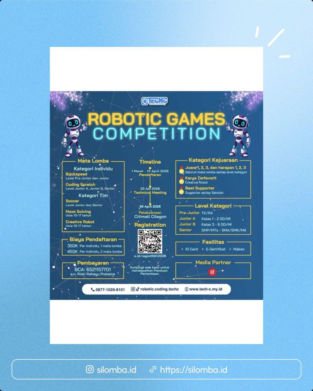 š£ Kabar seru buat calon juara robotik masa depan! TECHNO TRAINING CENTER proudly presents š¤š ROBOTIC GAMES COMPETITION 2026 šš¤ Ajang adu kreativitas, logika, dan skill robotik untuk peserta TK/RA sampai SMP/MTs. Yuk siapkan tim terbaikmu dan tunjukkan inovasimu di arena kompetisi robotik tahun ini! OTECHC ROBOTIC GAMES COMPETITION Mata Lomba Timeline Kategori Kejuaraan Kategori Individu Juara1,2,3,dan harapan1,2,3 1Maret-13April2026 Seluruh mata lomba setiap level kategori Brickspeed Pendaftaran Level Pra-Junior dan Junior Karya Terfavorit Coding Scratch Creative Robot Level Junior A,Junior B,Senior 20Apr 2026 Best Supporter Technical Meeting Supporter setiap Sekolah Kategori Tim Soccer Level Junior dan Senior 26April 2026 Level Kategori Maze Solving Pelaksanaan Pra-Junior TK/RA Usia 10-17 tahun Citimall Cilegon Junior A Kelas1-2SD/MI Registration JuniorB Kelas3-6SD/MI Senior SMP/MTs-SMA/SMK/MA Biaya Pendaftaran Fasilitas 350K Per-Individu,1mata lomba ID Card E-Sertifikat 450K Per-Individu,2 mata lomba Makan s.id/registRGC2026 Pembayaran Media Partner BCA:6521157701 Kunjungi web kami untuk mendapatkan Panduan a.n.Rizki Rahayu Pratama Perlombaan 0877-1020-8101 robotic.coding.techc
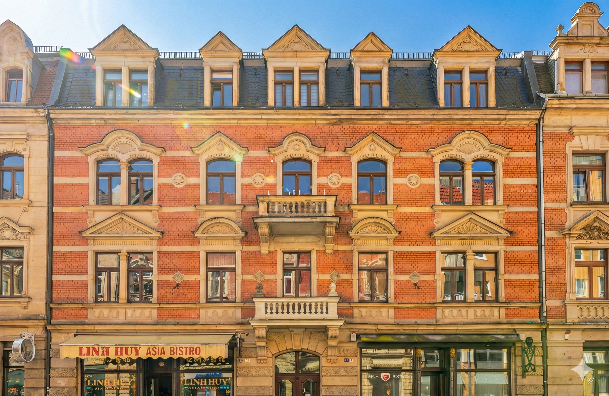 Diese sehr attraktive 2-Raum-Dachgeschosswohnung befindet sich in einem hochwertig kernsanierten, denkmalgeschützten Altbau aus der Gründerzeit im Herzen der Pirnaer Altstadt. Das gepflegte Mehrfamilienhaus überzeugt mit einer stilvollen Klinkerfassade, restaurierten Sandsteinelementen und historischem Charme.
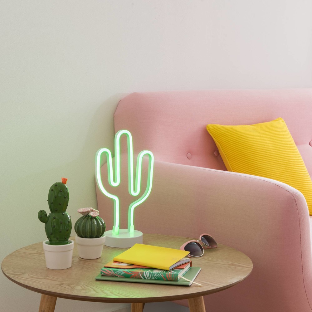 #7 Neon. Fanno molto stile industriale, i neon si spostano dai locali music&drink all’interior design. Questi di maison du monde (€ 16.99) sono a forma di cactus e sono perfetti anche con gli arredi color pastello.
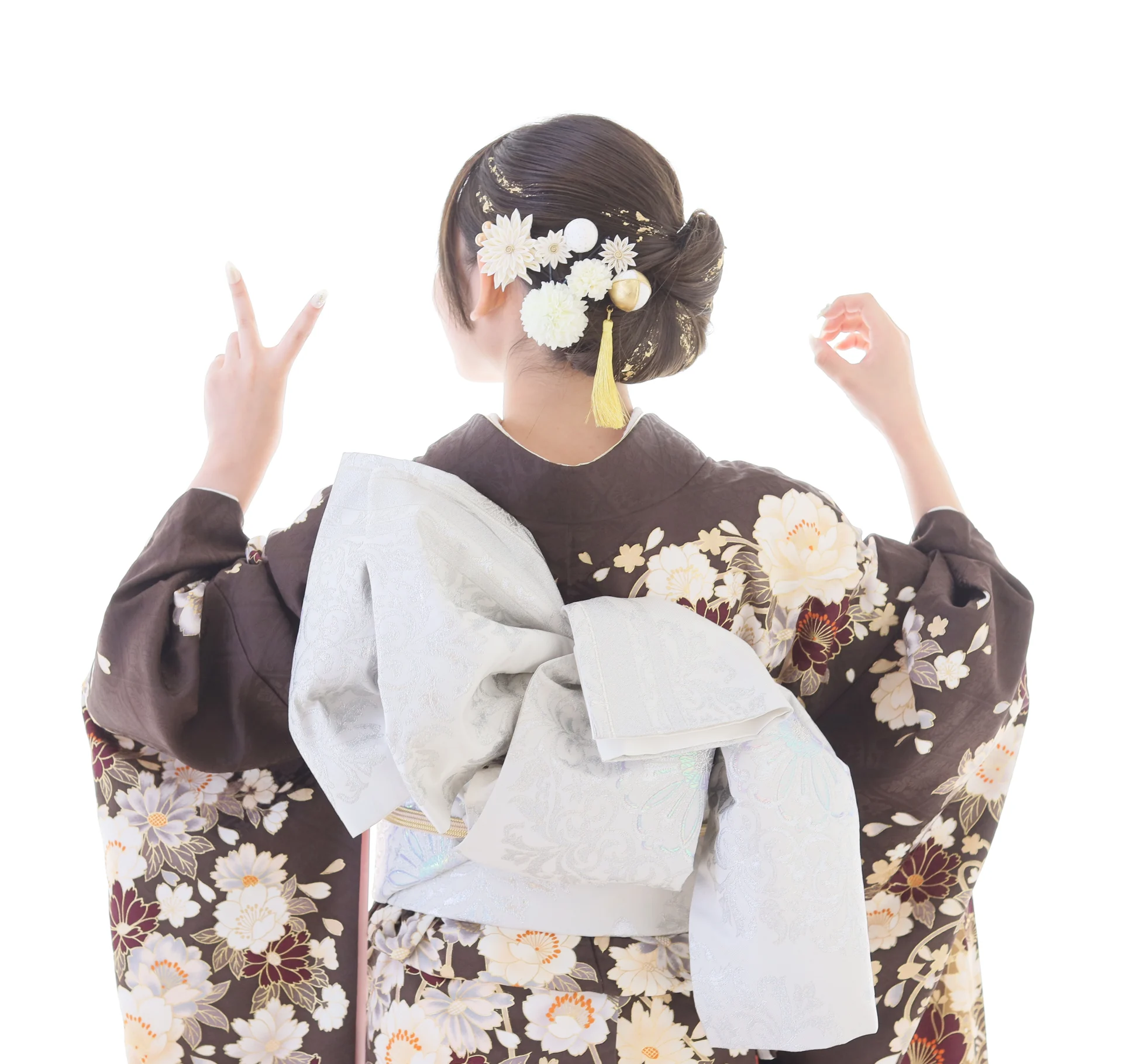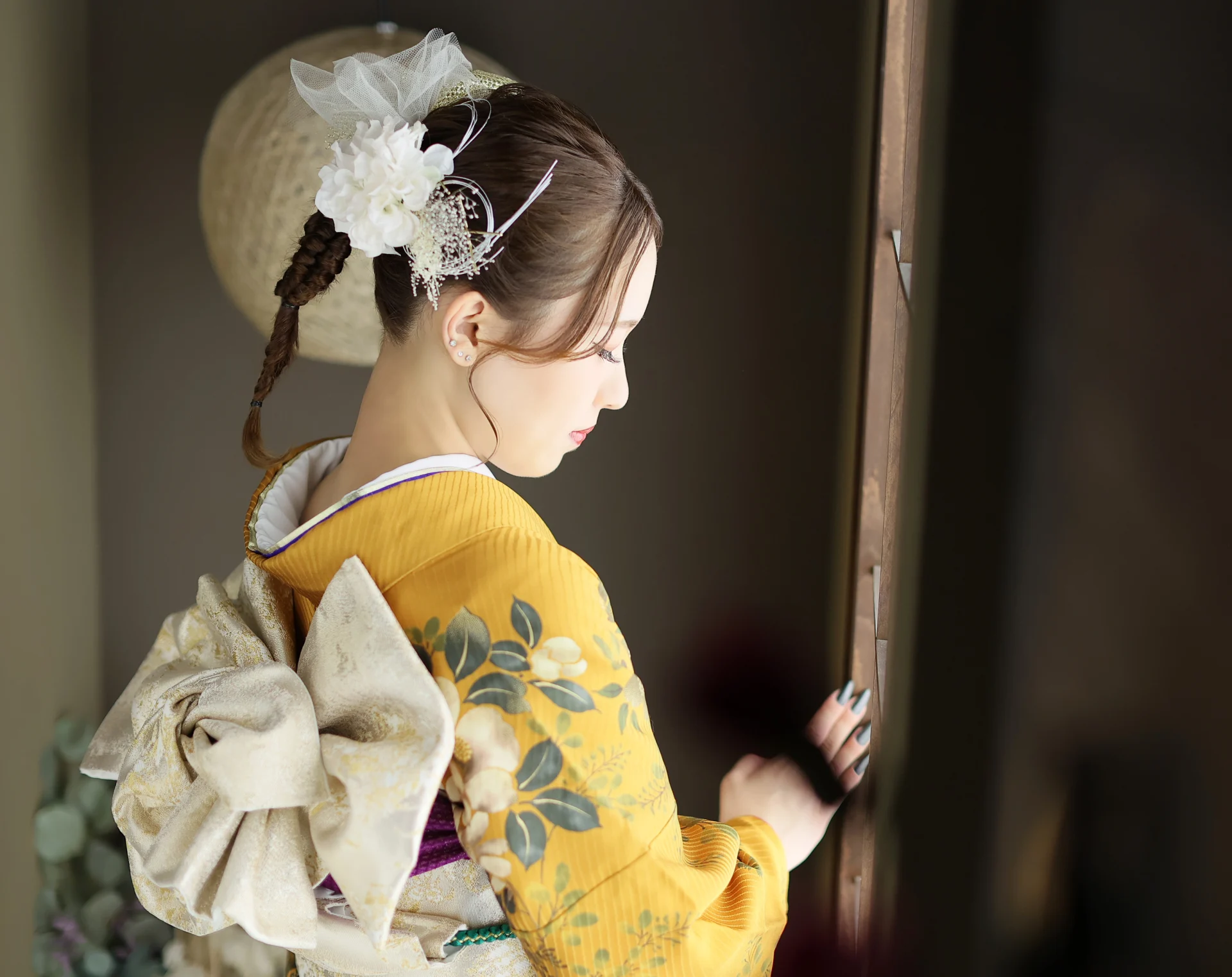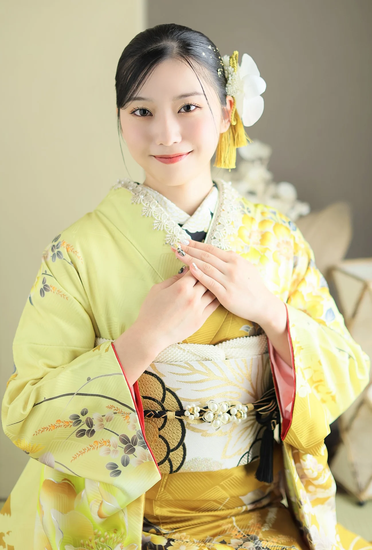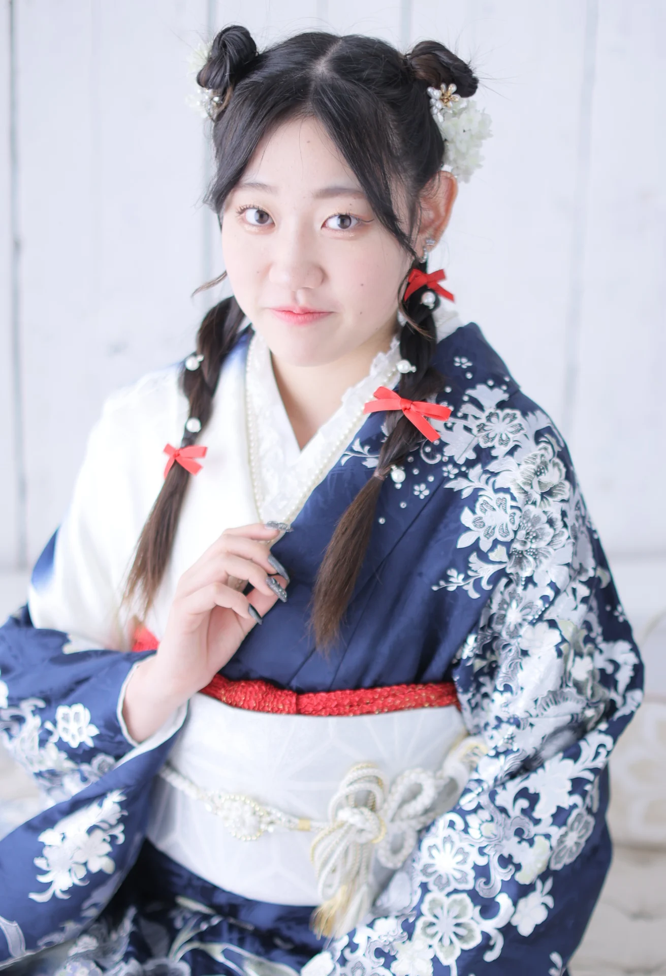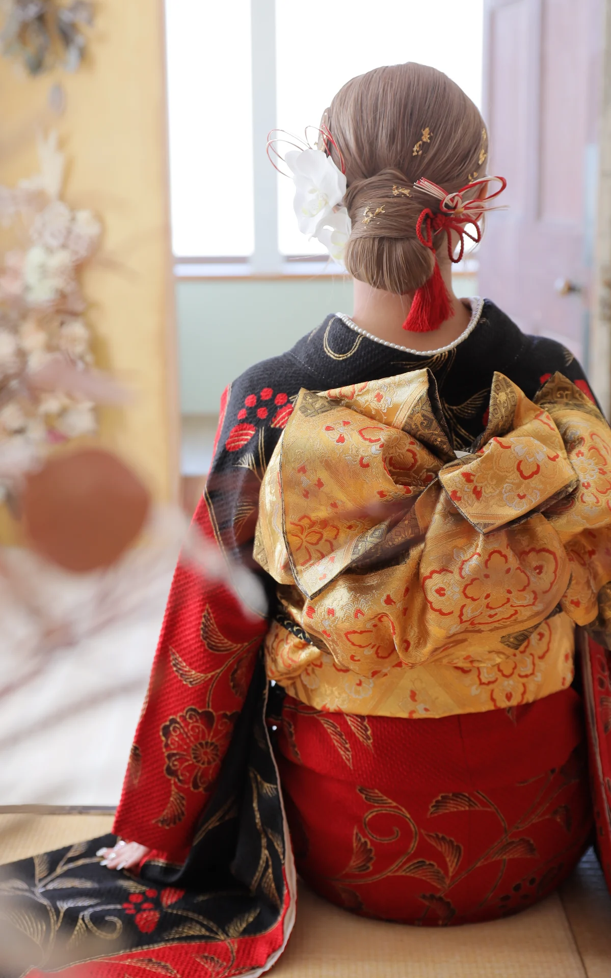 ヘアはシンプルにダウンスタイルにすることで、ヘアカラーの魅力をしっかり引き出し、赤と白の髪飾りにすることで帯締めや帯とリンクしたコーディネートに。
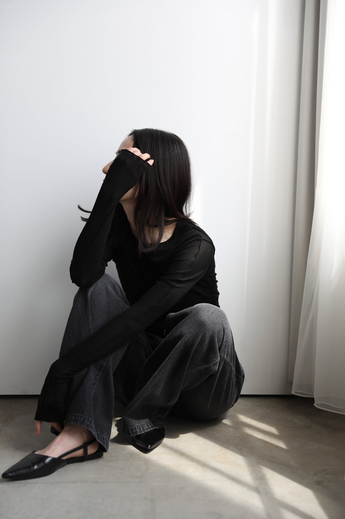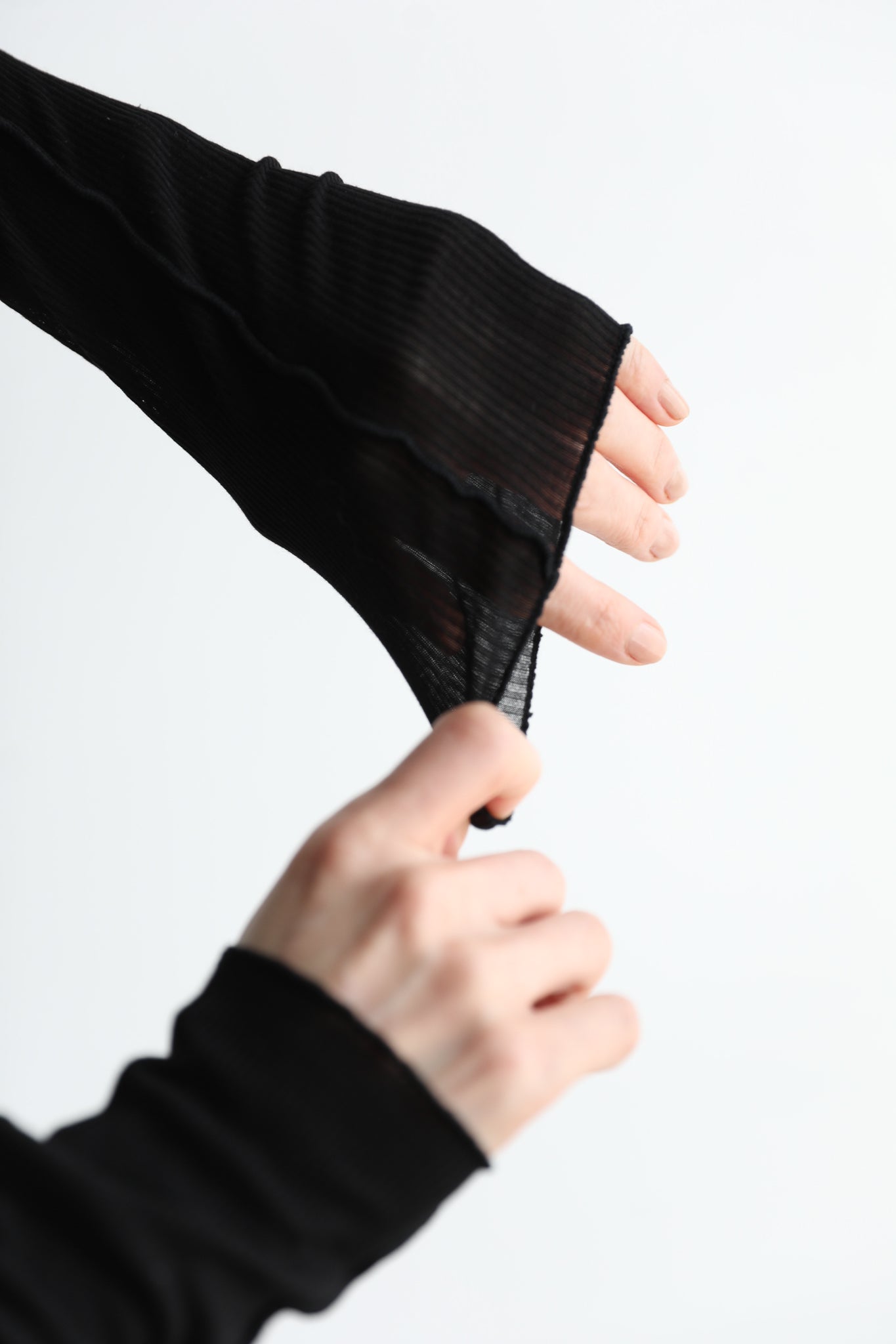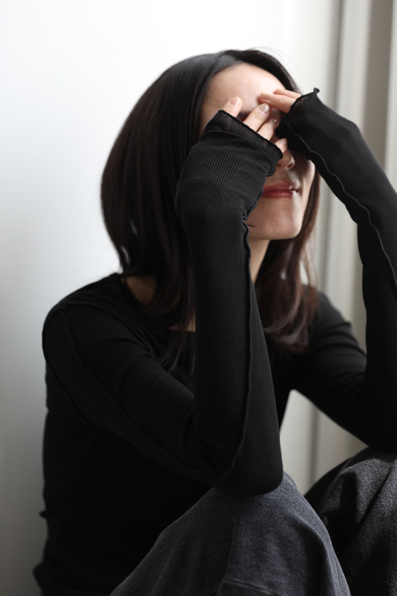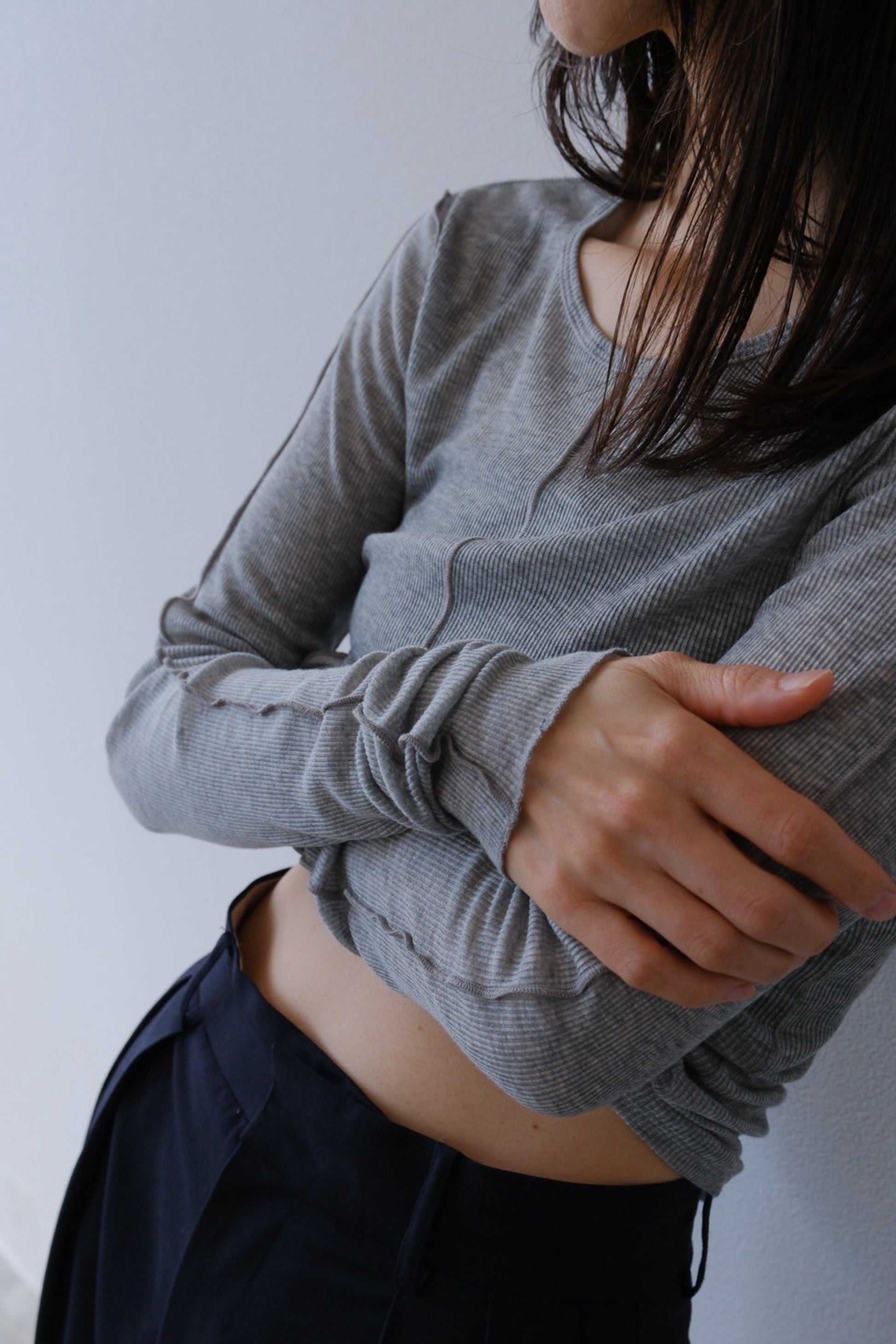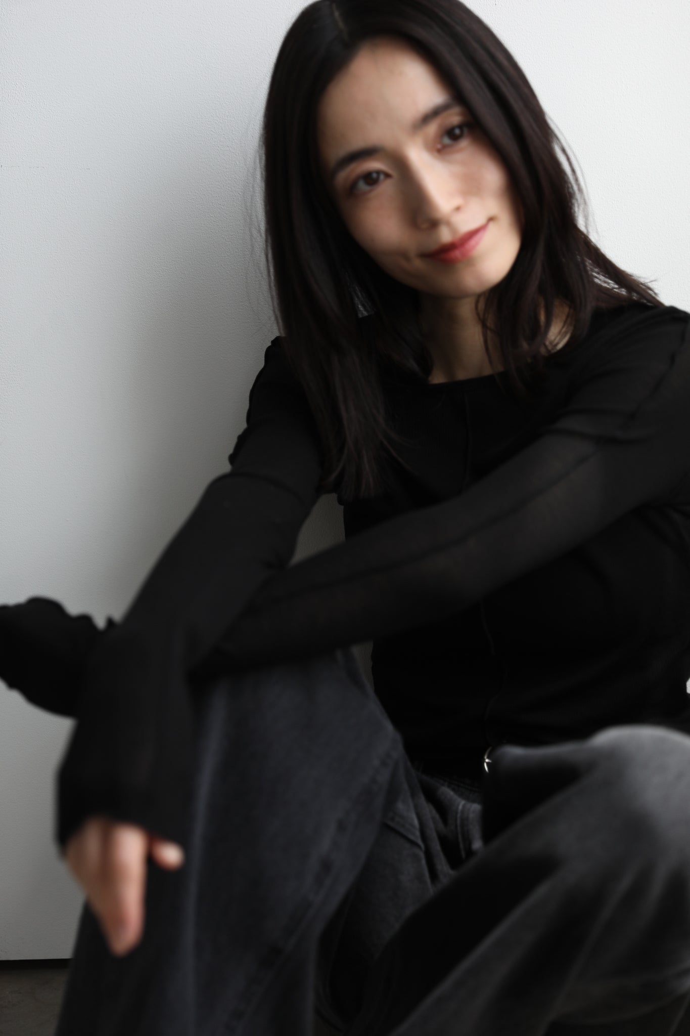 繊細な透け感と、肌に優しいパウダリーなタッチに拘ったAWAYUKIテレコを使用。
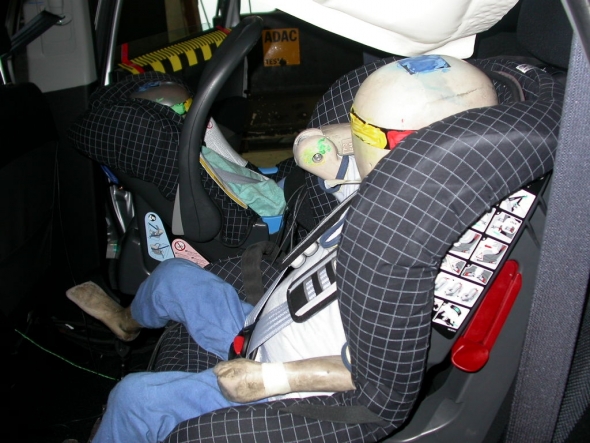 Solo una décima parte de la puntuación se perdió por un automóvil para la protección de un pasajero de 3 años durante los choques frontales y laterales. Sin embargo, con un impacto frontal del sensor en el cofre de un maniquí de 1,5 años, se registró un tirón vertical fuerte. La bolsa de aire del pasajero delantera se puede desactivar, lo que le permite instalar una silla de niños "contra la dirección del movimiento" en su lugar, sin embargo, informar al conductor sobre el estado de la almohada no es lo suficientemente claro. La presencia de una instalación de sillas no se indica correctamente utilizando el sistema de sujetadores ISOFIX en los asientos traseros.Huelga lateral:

> _Problem_
Your copy should hold the lines from the one with "#7 Neon. Fanno" up to and including the one with "繊細な透け感と、肌に優しいパ", exactly as in the data above, and no pictures.

> _Task result_
 #7 Neon. Fanno molto stile industriale, i neon si spostano dai locali music&drink all’interior design. Questi di maison du monde (€ 16.99) sono a forma di cactus e sono perfetti anche con gli arredi color pastello.
 ヘアはシンプルにダウンスタイルにすることで、ヘアカラーの魅力をしっかり引き出し、赤と白の髪飾りにすることで帯締めや帯とリンクしたコーディネートに。
 繊細な透け感と、肌に優しいパウダリーなタッチに拘ったAWAYUKIテレコを使用。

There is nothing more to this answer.